Monday, December 5, 2011

PCB Quadrotor: New Digital IMU

Over the weekend I took a break from my sensorless FOC work to upgrade 4pcb with a new digital IMU:

It's a Pololu MinIMU-9, featuring an ST L3G4200D 3-axis gyro and LSM303DLM 3-axis accelerometer and magnetometer. This replaces the now-discontinued Sparkfun 6DOF Razor IMU, which had six analog channels (3-axis gyro and 3-axis accelerometer). So, instead of reading each axis into the Arduino Mini's 10-bit ADC, the digital IMU streams 12-bit readings over a 2-wire serial interface (I2C).

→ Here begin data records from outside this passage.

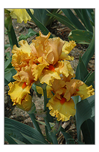
Nectar Of The Gods Iris flowers

This impressive iris produces luminous peach and gold blooms with dark orange-red beards; a stunning addition to the perennial border; also excellent massed in groupings in the garden; will quickly form dense colonies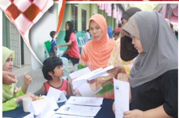
A display of up-coming programs for the women and girls at the event.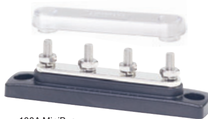
100A MiniBus 4 Gang #10-32 Studs Part Number 2305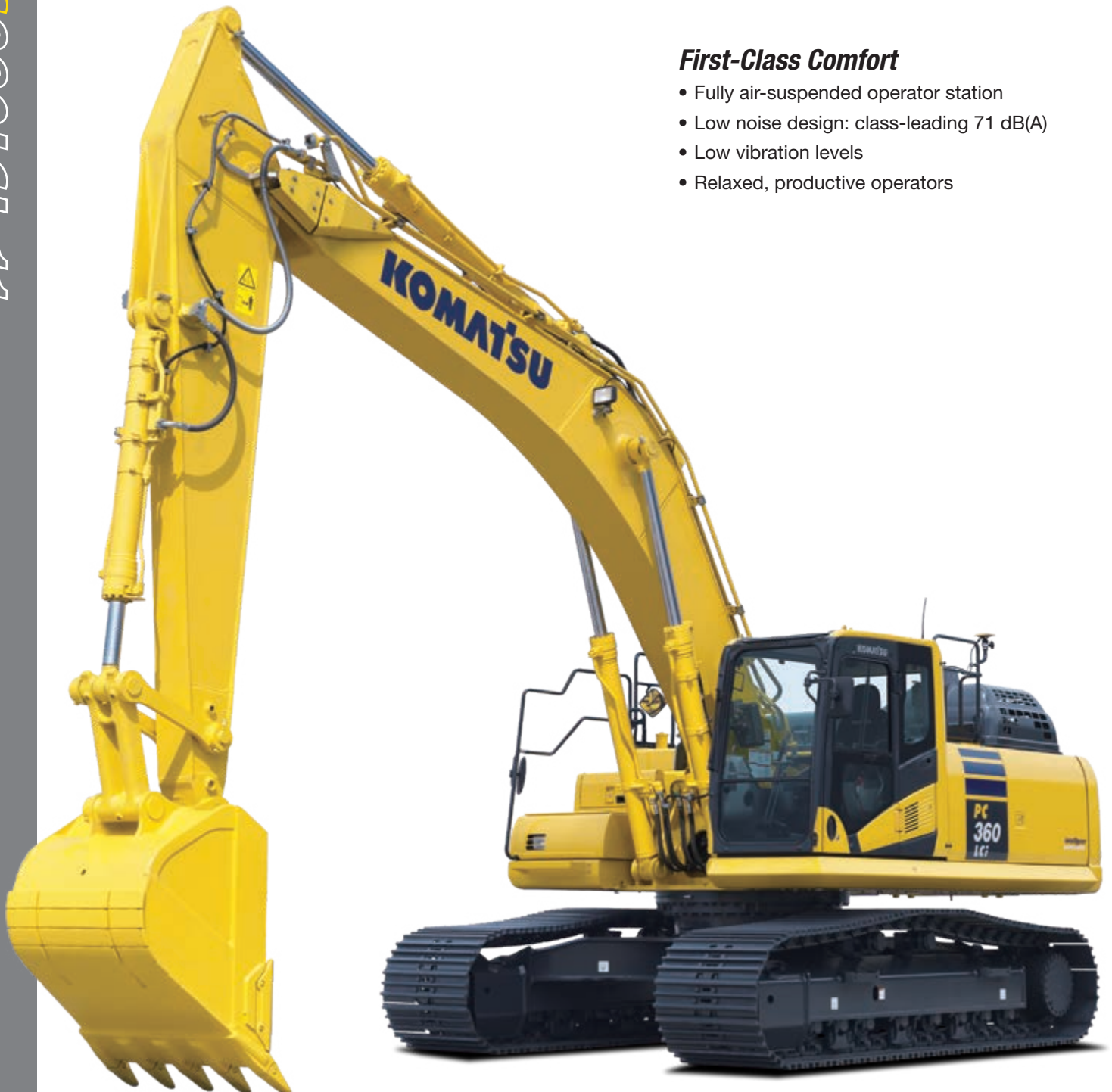
Image shows PC360LC-11 and may display optional equipment or specifications not available in your area.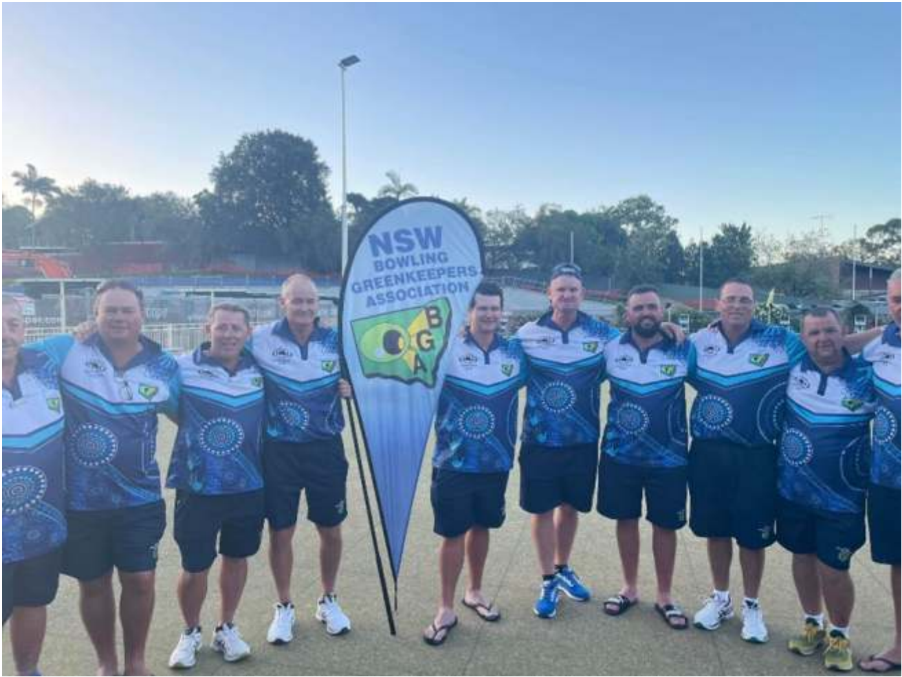
Above: Sea of blue in the white wash in the Australian Championships.

Day 5 and with some sore heads after celebrating the NSW clean sweep, we headed to Mudgeeraba BC for our trade show day and last of our presentations. There was some impressive new machinery and products on display from BA Group, Tru-Turf, MTD, ATM, Toro, Air2turf, Rain Bird, Lawford Engineering and Turf Engineering/Golf & Bowls.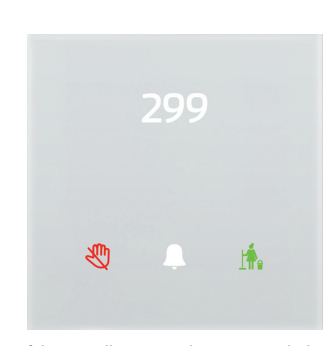
The picture of device is illustrative, the icons (symbols) are configurable by the customer.

EAN code GDB3-10/B: 8595188157261 GDB3-10/W: 8595188157278

The digital IMU has other nice features as well, such as programmable gains, sampling rates, and low-pass filters. No more fidgeting with RC filters on the board. It's compatible with the Arduino Two-Wire Interface (TWI/I2C) library and the sample code on the Pololu page is easy to work with. For once, I must admit that the Arduino I2C stuff does in fact make life easier.

Even with the nice new IMU, 4pcb still seems to suffer from the same vibration problems. I'm not sure why most people are able to get away with just mounting the sensors on some foam but that doesn't seem to be enough for this frame. In order for it to be even flyable, I need to add mass (aluminum) to the back of the IMU board and stick it to a very loose loop of foam tape:

Even the wires connecting the IMU to the main board need to be very flexible high-strand-count wire so as not to transmit vibrations. I should really film it in high speed and be horrified at the amount of high-frequency flexing happening in the frame. It would also be very easy to add stiffeners, though I would have to think about how much I want to compromise on the "entirely made out of a single PCB" goal.

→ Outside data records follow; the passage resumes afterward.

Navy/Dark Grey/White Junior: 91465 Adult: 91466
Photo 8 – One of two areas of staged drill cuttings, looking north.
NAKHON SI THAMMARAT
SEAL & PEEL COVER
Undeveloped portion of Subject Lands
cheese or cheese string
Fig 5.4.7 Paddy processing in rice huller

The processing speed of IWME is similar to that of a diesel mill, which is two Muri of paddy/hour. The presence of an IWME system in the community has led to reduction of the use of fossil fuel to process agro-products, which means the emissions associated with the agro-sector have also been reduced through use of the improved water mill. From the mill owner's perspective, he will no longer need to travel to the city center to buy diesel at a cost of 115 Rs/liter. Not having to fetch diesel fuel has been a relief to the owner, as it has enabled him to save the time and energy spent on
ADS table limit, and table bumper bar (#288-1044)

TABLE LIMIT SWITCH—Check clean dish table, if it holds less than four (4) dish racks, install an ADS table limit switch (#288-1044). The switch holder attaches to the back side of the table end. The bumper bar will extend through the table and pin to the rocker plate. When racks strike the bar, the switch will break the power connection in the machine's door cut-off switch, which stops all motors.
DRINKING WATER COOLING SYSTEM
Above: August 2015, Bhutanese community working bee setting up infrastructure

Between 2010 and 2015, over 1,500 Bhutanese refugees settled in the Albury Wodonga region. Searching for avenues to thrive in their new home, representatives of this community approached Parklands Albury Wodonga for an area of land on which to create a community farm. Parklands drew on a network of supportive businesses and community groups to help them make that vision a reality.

In any case, with the foam loop mounting and carefully-chosen filters, it works:

It's certainly flyable with not much skill and it can stay aloft much longer than in previous testing. The roll axis seems to be more prone to oscillation than the pitch axis, which is something I'll have to look into. I'm not sure it will ever be the type of quadrotor that can sit and hover in one place for an extended period of time with little input from the user. Given its size and minimal sensor set (no GPS, no altimeter), it might always be a little twitchy. But at least it's robust; it's almost never damaged in a crash and even if it is, I have enough spare parts to last forever. And it poses no risk to human life...

Sunday, December 4, 2011

First Sensorless FOC Test Drive

Having done enough computational optimization of the flux observer math and tested the sensorless sine commutation with no load, the next obvious step was to test drive it on Pneu Scooter:

Well, no, the next obvious step would have been to run it under load with the Hall effect sensors but collect data from the flux observer in parallel to ensure that it is working. But I guess I skipped over that step.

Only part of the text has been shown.